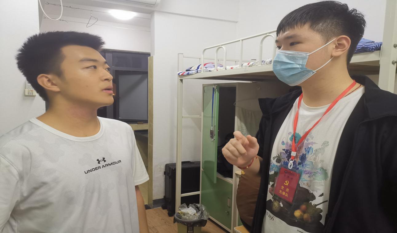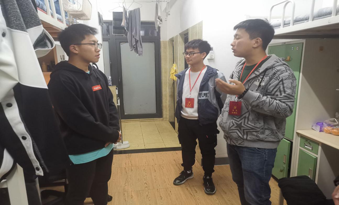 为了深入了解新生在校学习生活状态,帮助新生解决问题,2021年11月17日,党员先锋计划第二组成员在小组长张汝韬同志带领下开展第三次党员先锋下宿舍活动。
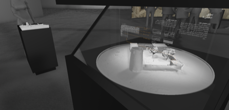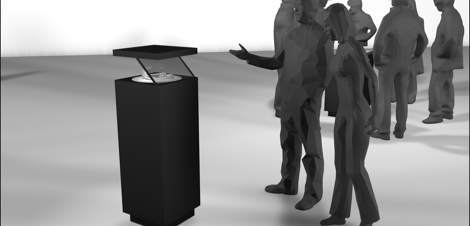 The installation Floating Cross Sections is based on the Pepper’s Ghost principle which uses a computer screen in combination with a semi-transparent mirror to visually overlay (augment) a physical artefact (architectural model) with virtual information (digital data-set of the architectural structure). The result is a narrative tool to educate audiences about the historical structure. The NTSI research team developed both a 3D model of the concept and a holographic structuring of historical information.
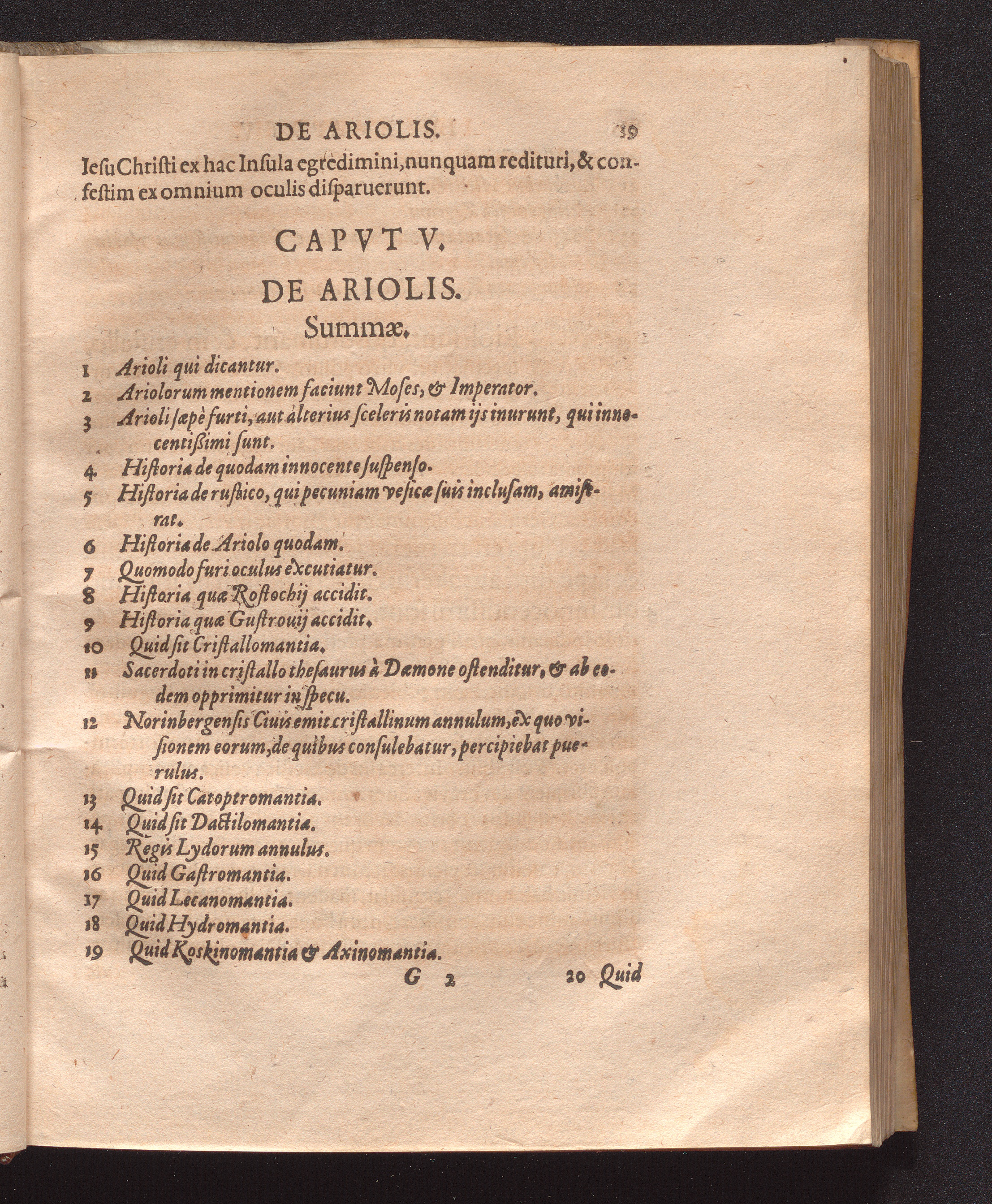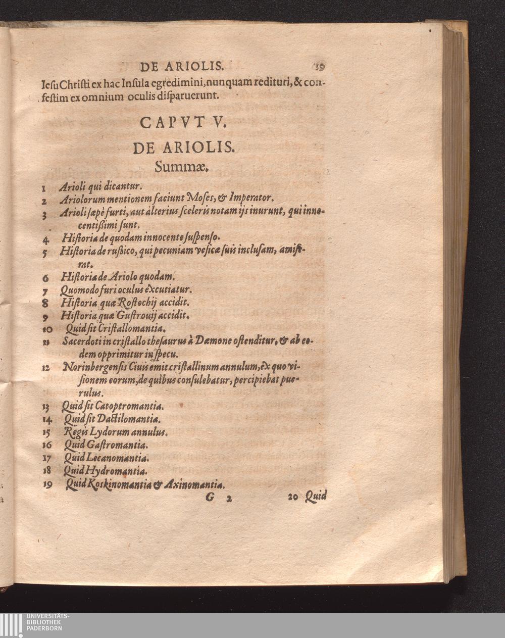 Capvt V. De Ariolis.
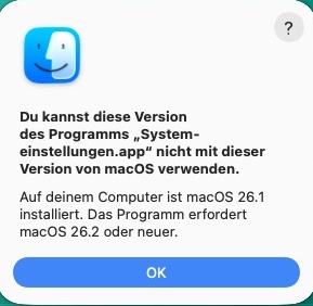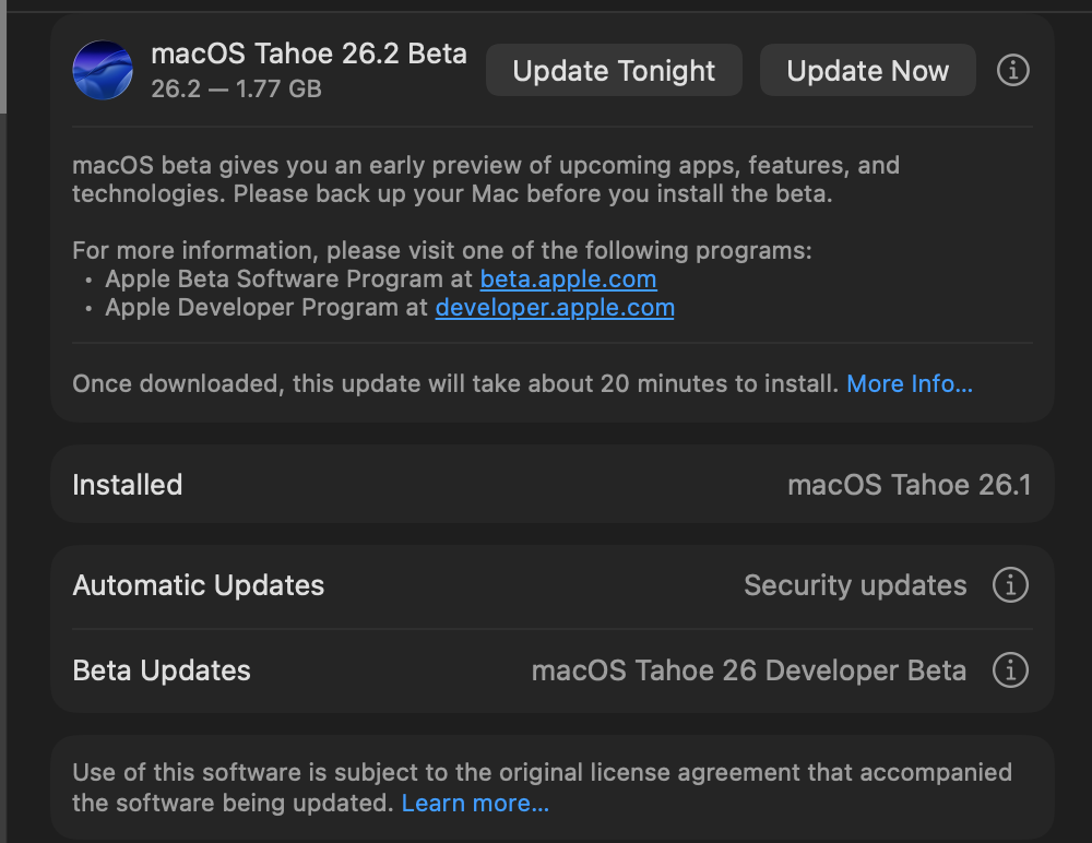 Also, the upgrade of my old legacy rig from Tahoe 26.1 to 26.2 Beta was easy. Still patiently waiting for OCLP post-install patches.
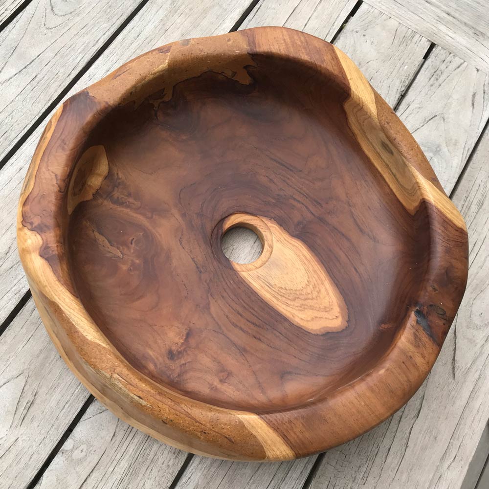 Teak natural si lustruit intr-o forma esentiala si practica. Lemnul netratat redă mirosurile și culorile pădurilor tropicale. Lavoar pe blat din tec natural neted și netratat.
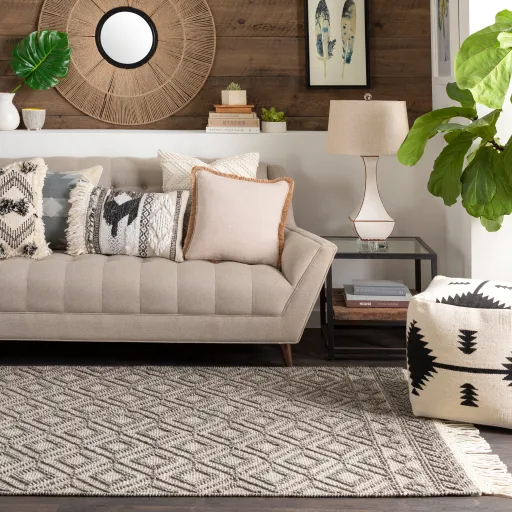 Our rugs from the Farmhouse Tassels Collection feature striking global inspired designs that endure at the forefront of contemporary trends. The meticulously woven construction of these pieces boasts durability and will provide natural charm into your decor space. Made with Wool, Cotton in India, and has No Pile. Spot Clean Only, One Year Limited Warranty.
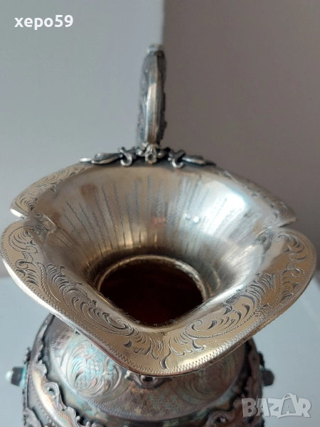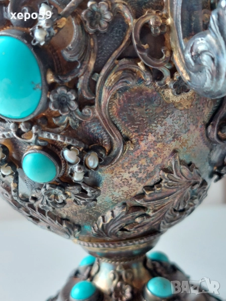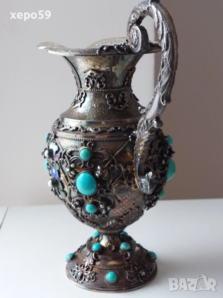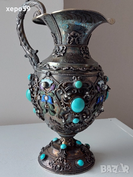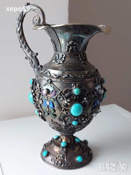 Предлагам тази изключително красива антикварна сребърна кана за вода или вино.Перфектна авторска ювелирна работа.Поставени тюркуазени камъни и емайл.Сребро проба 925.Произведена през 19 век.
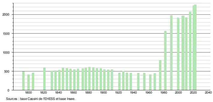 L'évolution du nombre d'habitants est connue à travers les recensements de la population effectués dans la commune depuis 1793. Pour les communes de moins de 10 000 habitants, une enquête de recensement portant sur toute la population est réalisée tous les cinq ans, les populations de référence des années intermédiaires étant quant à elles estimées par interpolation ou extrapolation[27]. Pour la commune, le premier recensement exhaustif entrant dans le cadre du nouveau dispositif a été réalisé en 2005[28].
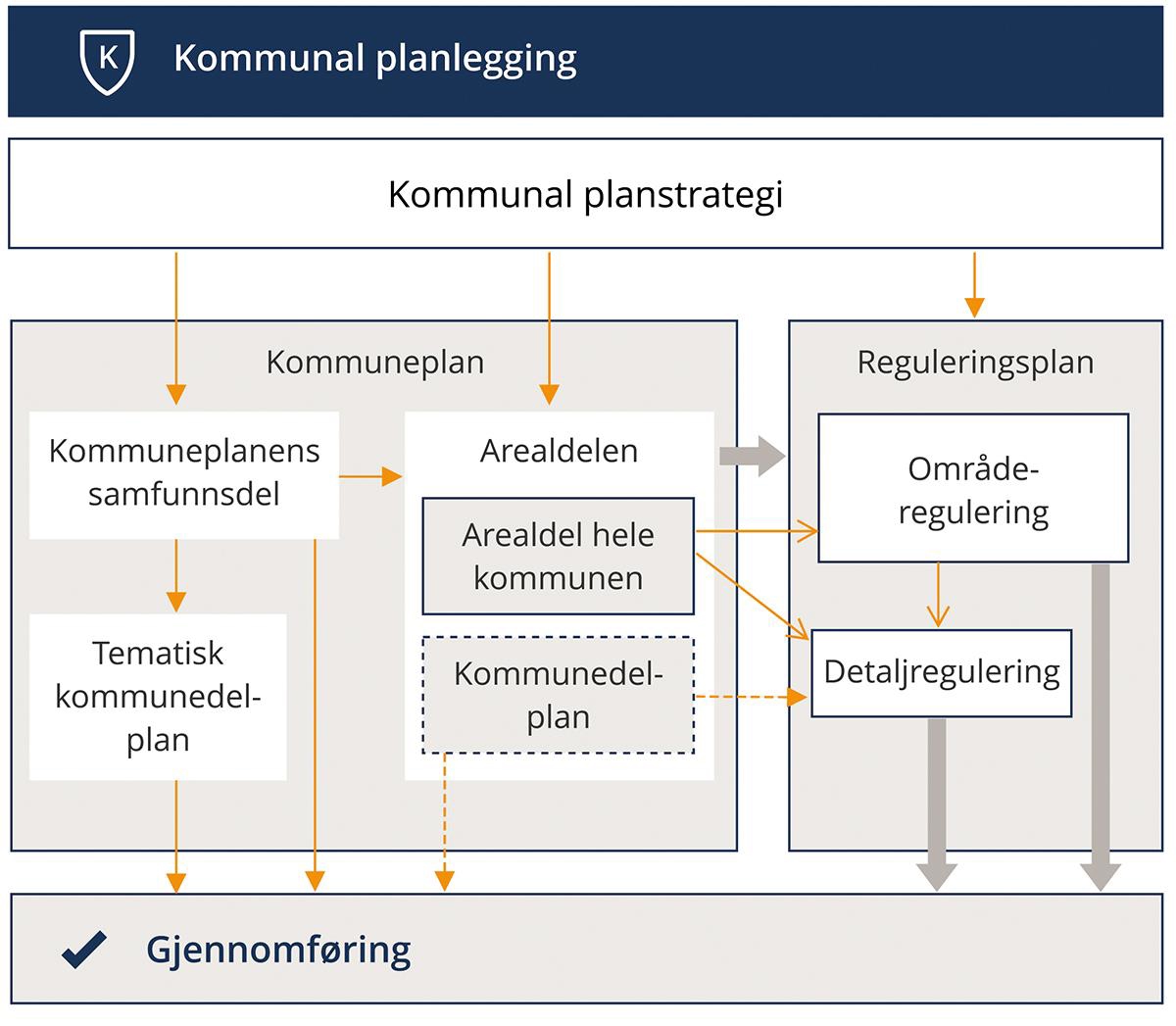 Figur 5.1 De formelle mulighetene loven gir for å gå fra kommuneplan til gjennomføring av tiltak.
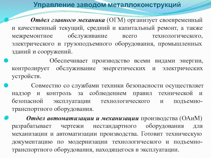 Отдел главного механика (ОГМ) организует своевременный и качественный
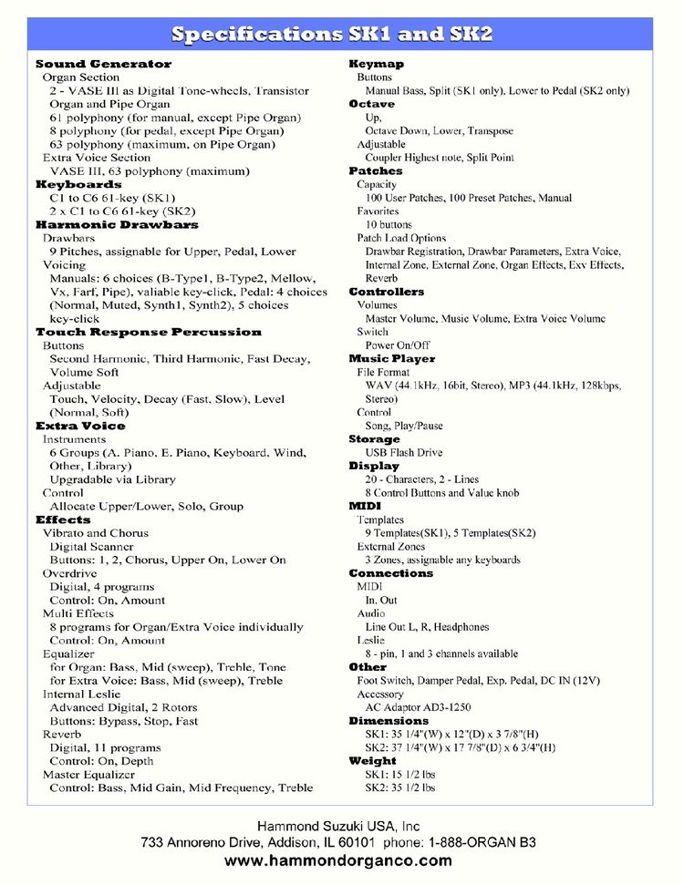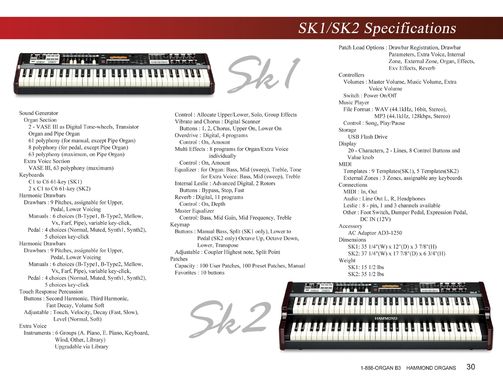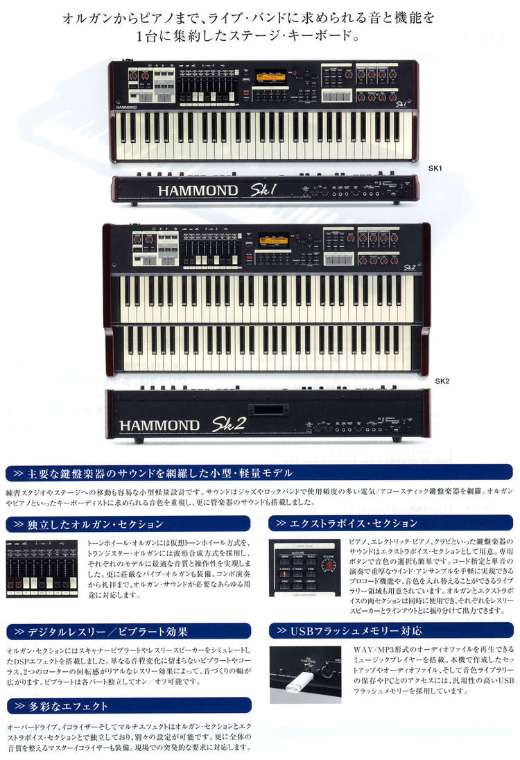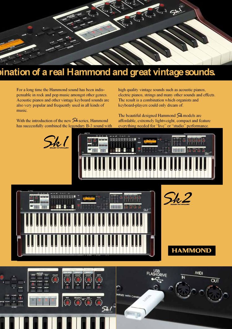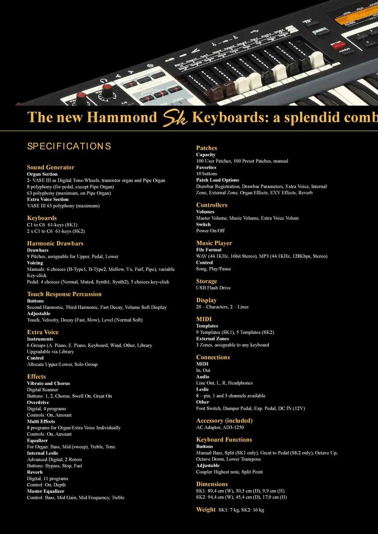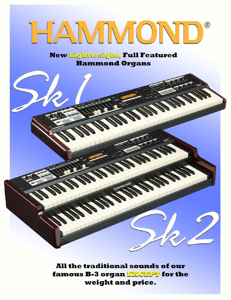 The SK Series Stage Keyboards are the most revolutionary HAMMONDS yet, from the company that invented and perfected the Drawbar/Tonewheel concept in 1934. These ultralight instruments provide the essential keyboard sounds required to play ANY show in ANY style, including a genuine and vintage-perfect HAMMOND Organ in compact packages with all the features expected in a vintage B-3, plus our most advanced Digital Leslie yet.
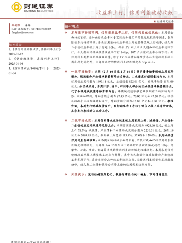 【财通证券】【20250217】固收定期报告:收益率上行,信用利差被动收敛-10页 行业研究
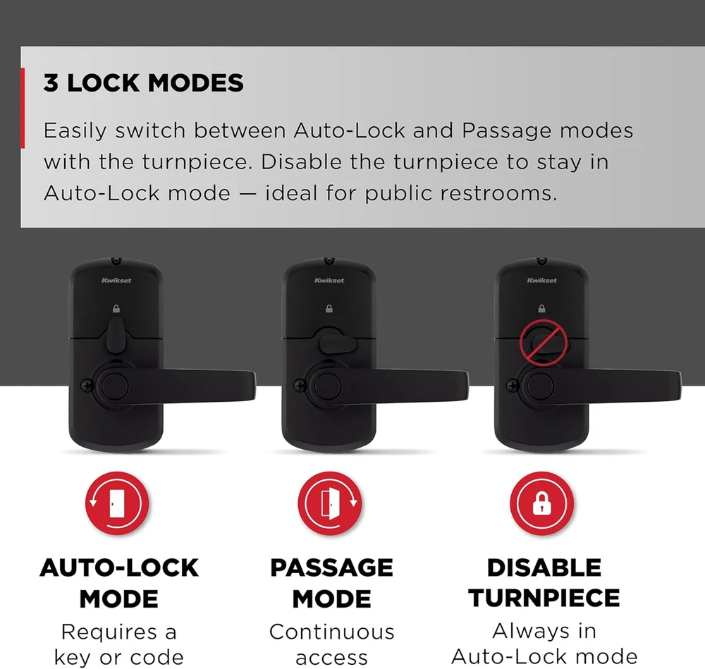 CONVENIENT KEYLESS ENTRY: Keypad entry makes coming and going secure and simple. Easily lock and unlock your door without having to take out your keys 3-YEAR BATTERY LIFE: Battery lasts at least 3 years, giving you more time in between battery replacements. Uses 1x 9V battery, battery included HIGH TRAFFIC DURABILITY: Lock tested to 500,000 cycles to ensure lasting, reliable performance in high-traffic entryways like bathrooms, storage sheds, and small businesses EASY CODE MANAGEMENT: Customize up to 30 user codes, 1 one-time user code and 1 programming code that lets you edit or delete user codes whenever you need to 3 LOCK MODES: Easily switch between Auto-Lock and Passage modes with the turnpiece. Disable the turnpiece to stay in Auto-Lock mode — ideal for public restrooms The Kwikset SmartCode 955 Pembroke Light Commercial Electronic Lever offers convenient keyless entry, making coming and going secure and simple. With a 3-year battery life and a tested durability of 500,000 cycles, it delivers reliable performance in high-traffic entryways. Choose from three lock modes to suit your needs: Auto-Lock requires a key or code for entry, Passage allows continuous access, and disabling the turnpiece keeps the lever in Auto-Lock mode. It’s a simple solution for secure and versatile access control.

* * *

- **WHAT IS BEING ASKED**
Give again, exactly as written above, every line from the one holding "Figur 5.1 De" to the one holding "Отдел главного механика", with both ends kept and the pictures left out.

- **ANSWER TO THIS EXERCISE**
 Figur 5.1 De formelle mulighetene loven gir for å gå fra kommuneplan til gjennomføring av tiltak.
 Отдел главного механика (ОГМ) организует своевременный и качественный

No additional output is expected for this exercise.